Lack of scrumhalf stocks hurting SA

2017-11-17 09:07
Ross Cronje (Gallo)

Cape Town - The Springboks were uninspiring all over the field against Ireland in Dublin last weekend, but the performance of scrumhalf Ross Cronje stood out as particularly poor. 

There were casualties following another new low for the Boks - Elton Jantjies and Damian de Allende were both axed - but Cronje can count himself extremely lucky to have kept his place. 

Having had a golden opportunity to make the No 9 jersey his own this year, Cronje got off to a good start as the Boks cruised past France and Argentina in their first five Tests of the year. 

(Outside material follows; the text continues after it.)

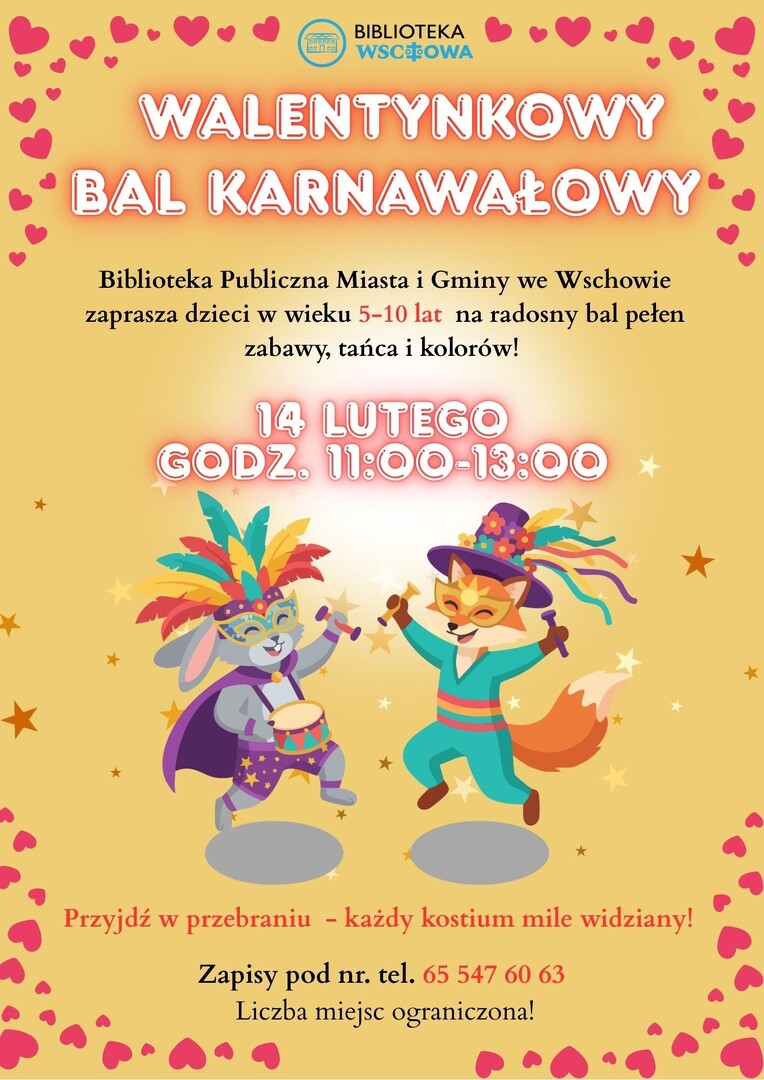 Biblioteka Publiczna Miasta i Gminy we Wschowie organizuje wyjątkowe wydarzenie dla najmłodszych. 14 lutego, w Walentynki, dzieci w wieku od 5 do 10 lat będą mogły wziąć udział w balu karnawałowym.

Injury ruled Cronje out of two of those, but he had done enough in his first three performances to suggest that the Boks had a reliable scrumhalf in their ranks. 

Another injury meant that he missed the 57-0 nightmare in Albany, but by the time the Boks had finished off their Rugby Championship campaign with a draw against Australia in Bloemfontein and defeat to the All Blacks in Cape Town, Cronje was beginning to find himself on the receiving end of some hefty criticism. 

Those concerns reached new heights on Saturday when Cronje was schooled by his opposite number, Conor Murray, in a performance that was as bad as any in recent Springbok memory. 

Cronje's kicking game was woeful, with his box kicks either going straight up or way too far. 

He simply offered the Boks nothing when they were in possession - his game management and decision-making leaving a lot to be desired. 

Somehow, Cronje has an opportunity to make amends this weekend against France in Paris, but the Ireland massacre reminded us how much South Africa has struggled to replace Fourie du Preez. 

Even in the twilight of his career, Du Preez was a Springbok warrior and a class act. 

Few will forget his match-winning try against Wales in the quarter-final of the 2015 World Cup and that, after Jean de Villiers was ruled out through injury, Du Preez stepped up to captain that side to a very respectable semi-final loss to the All Blacks. 

Du Preez, a World Cup winner in 2007, finished with 76 Test caps and is considered one of the game's great No 9s.

Before that, Joost van der Westhuizen played 89 Test matches for the Boks, also winning a World Cup and also considered one of the best the game has ever seen. 

Van der Westhuizen played from 1993 to 2003, while Du Preez played from 2004 to 2015. For the most part, the Boks have had a world class scrumhalf at their disposal. 

But, since the end of the 2015 World Cup and the beginning of the Allister Coetzee era, that has not been the case. 

Coetzee first backed Faf de Klerk, who despite being an exciting player for the Lions did not cut it at international level. 

Francois Hougaard has also tried, and failed, to stake a claim for the No 9 jersey this year while Cronje is also currently letting his opportunity slip. 

The new overseas-based player policy that has been implemented by SA Rugby means that Cobus Reinach is not available for selection. 

That leaves Rudy Paige, who was not even the out-and-out first choice at the Bulls this year as Nollis Marais backed Piet van Zyl. 

Paige has at least shown glimpses of spark when he has come off the bench for the Boks this year and a start against France had seemed a real possibility before Coetzee opted to back Cronje again. 

You don't quite know what you have until it's gone, and that is very much the case when talking Springbok flyhalves. 

There were many who believed that Du Preez was too old to play at the 2015 World Cup, but his class never disappeared. 

Now, two years after his retirement, the Boks are nowhere near replacing the quality they have been so used to at No 9. 

Saturday is a massive test for Cronje. It is a massive test for a lot of Boks. 

For all of his troubles, Coetzee has been loyal in backing his players this year, even when they have struggled. 

It's time the players start repaying that faith.